• [What the task requires]: Give again, word for word, the lines below that run from the line with "Airbus'en fra det" through the line with "Scammer Alert: Le". Drop the pictures.

• [Records for processing]:

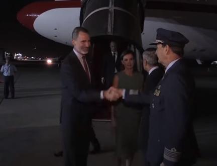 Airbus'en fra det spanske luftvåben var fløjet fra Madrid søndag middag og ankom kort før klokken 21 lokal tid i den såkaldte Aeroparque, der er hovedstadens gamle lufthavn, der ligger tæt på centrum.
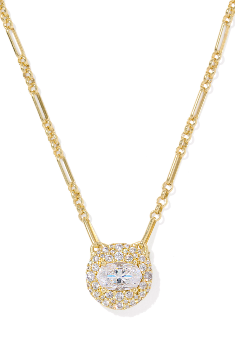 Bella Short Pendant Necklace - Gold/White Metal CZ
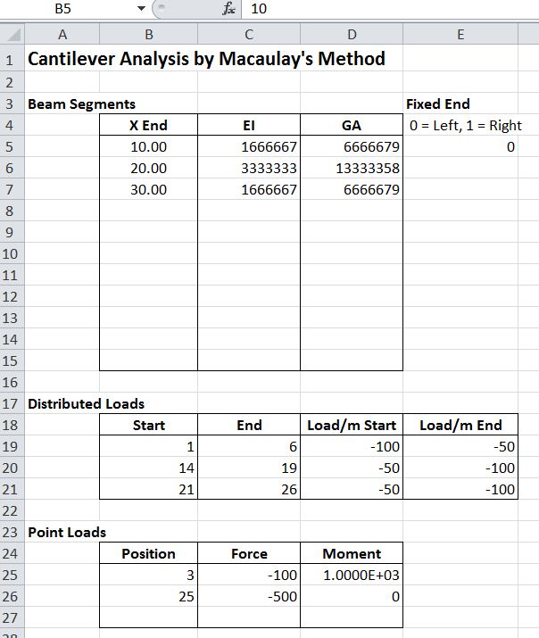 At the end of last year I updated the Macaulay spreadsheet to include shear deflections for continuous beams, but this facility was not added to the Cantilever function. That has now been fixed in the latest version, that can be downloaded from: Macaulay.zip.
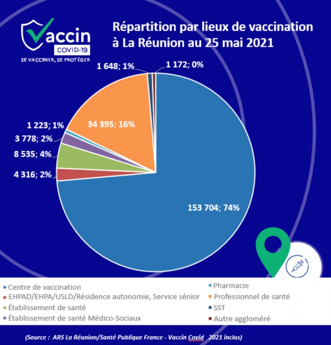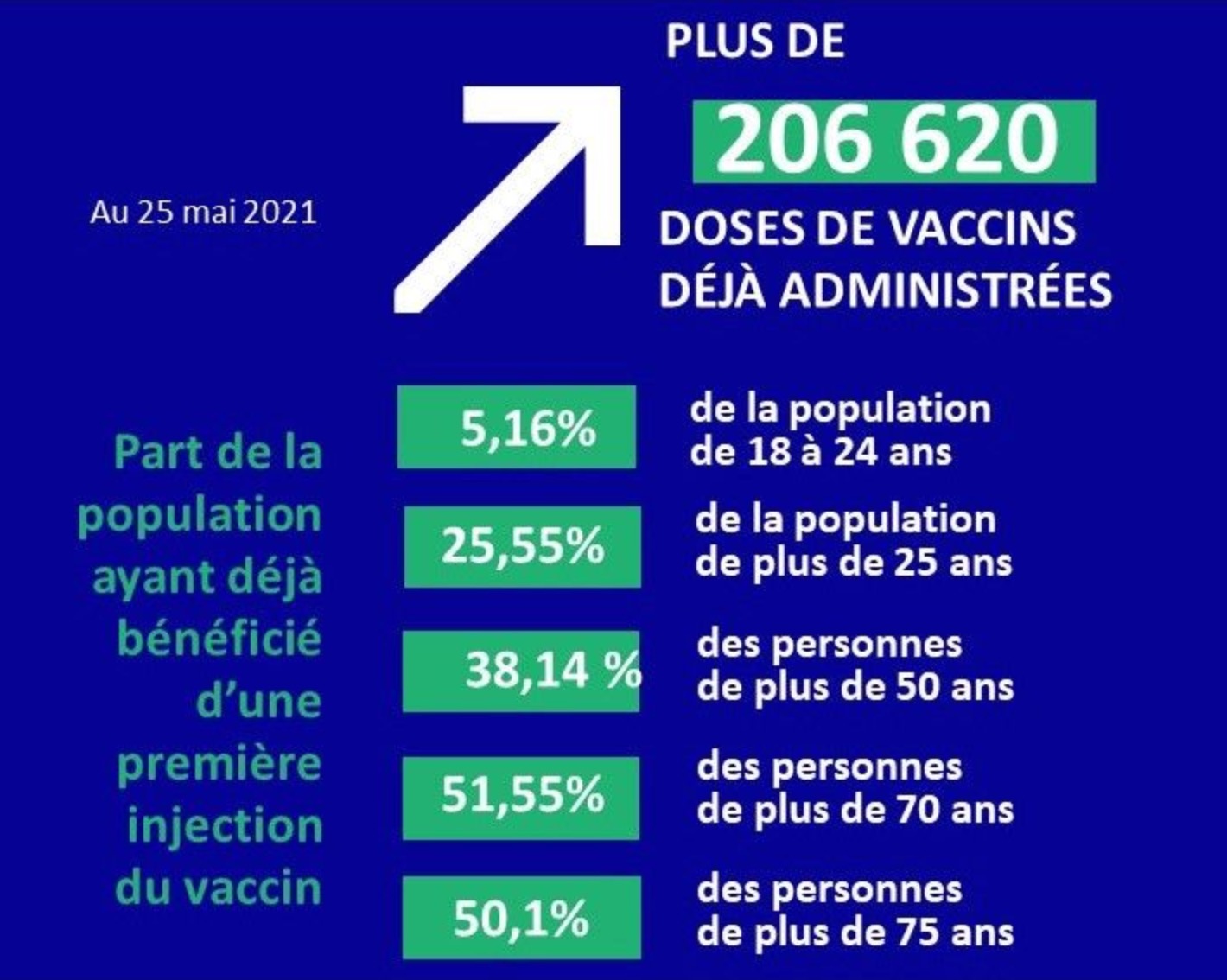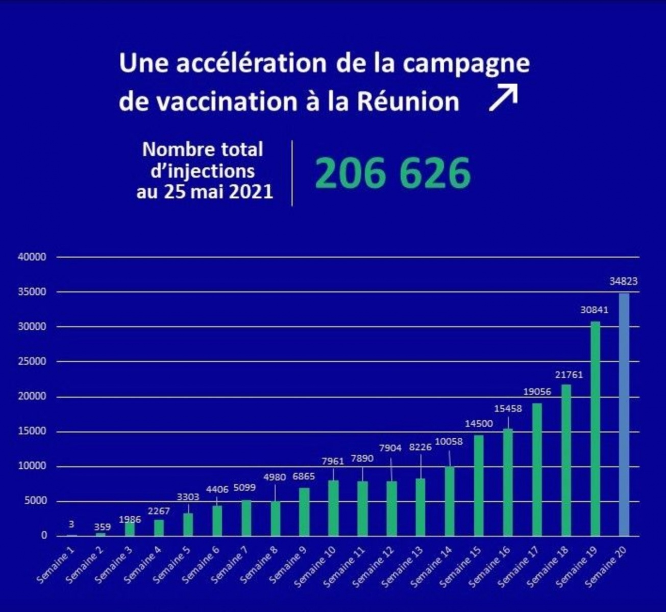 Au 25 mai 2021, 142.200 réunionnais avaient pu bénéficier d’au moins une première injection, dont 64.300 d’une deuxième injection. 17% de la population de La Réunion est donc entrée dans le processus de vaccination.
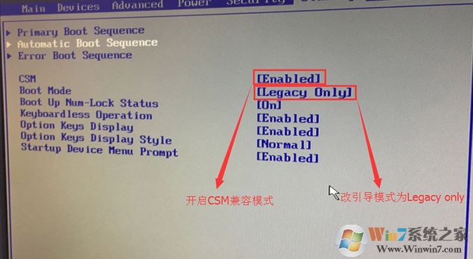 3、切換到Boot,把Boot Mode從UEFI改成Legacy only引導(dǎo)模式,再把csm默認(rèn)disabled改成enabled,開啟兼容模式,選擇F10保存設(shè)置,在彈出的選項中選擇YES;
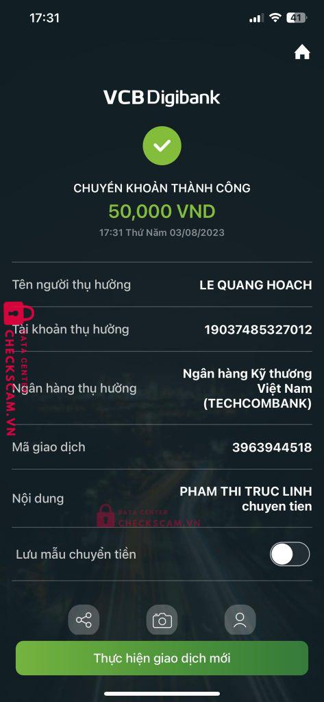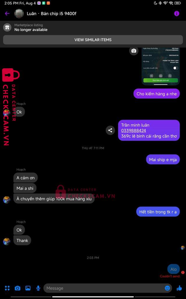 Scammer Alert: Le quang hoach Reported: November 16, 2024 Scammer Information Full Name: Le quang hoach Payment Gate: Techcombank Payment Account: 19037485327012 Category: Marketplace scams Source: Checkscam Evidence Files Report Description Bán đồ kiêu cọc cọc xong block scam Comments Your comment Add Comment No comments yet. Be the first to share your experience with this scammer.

---

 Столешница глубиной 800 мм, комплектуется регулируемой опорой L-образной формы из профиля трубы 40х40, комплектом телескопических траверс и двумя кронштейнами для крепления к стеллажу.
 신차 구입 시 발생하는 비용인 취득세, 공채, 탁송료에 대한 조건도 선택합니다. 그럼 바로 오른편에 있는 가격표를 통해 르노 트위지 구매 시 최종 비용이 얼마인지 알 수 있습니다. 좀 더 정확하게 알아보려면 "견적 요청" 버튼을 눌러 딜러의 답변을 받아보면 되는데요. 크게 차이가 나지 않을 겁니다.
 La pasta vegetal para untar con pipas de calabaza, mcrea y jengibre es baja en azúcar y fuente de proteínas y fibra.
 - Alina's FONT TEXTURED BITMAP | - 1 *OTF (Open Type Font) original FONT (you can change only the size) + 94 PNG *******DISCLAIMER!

* * *

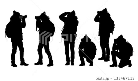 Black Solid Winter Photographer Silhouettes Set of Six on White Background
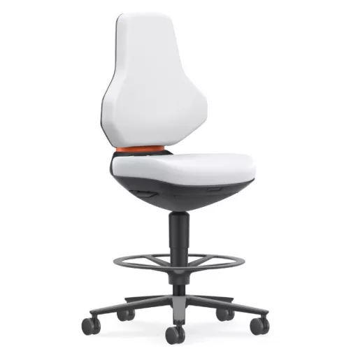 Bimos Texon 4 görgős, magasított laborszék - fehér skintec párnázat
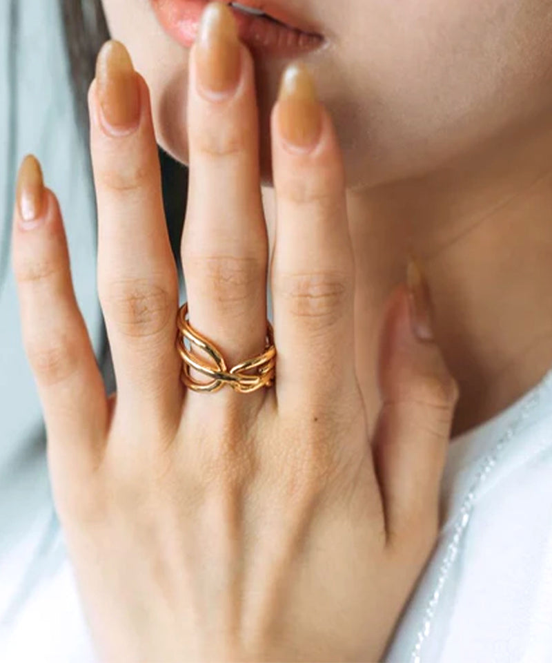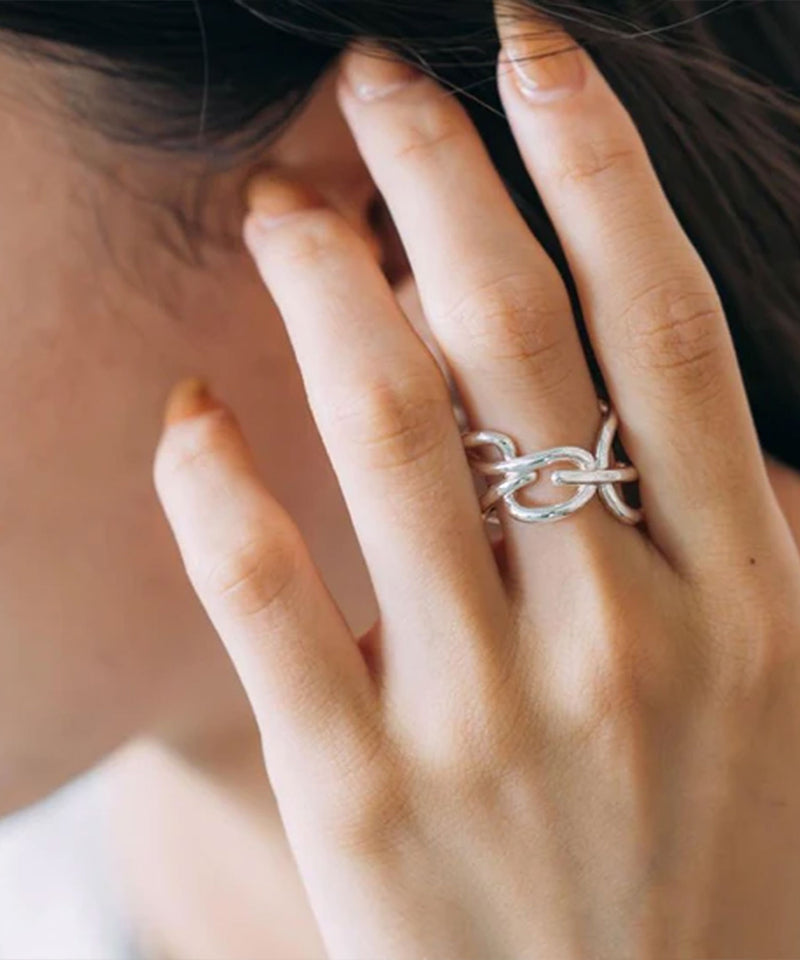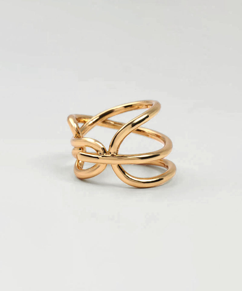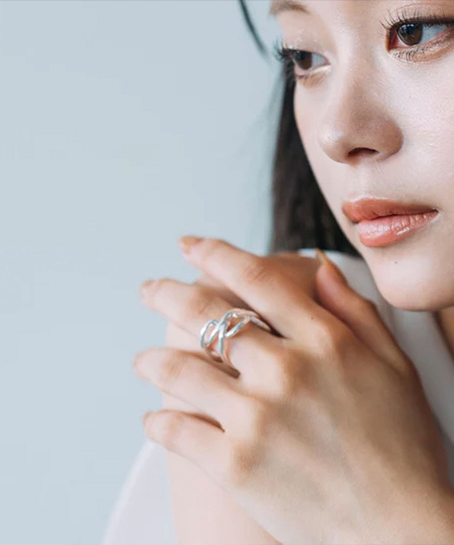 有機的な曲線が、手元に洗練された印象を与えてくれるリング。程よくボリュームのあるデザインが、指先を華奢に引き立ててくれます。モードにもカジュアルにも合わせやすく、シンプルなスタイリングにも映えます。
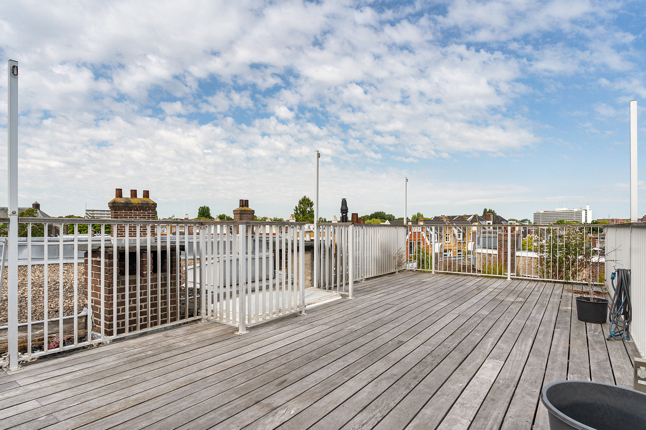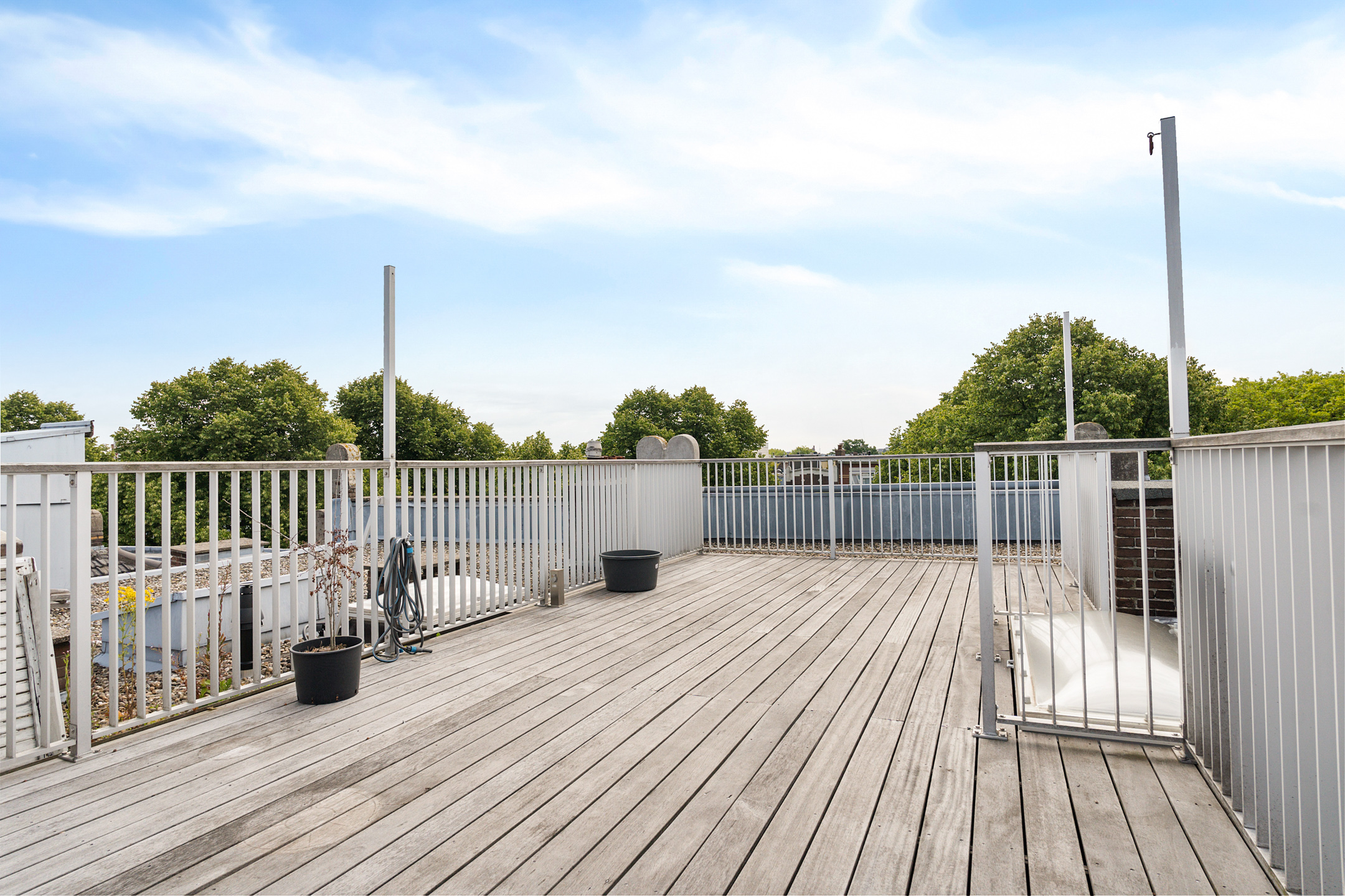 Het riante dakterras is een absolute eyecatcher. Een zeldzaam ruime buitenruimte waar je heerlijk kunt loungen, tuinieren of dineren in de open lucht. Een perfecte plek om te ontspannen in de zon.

• [Result of this exercise]:
 Airbus'en fra det spanske luftvåben var fløjet fra Madrid søndag middag og ankom kort før klokken 21 lokal tid i den såkaldte Aeroparque, der er hovedstadens gamle lufthavn, der ligger tæt på centrum.
 Bella Short Pendant Necklace - Gold/White Metal CZ
 At the end of last year I updated the Macaulay spreadsheet to include shear deflections for continuous beams, but this facility was not added to the Cantilever function. That has now been fixed in the latest version, that can be downloaded from: Macaulay.zip.
 Au 25 mai 2021, 142.200 réunionnais avaient pu bénéficier d’au moins une première injection, dont 64.300 d’une deuxième injection. 17% de la population de La Réunion est donc entrée dans le processus de vaccination.
 3、切換到Boot,把Boot Mode從UEFI改成Legacy only引導(dǎo)模式,再把csm默認(rèn)disabled改成enabled,開啟兼容模式,選擇F10保存設(shè)置,在彈出的選項中選擇YES;
 Scammer Alert: Le quang hoach Reported: November 16, 2024 Scammer Information Full Name: Le quang hoach Payment Gate: Techcombank Payment Account: 19037485327012 Category: Marketplace scams Source: Checkscam Evidence Files Report Description Bán đồ kiêu cọc cọc xong block scam Comments Your comment Add Comment No comments yet. Be the first to share your experience with this scammer.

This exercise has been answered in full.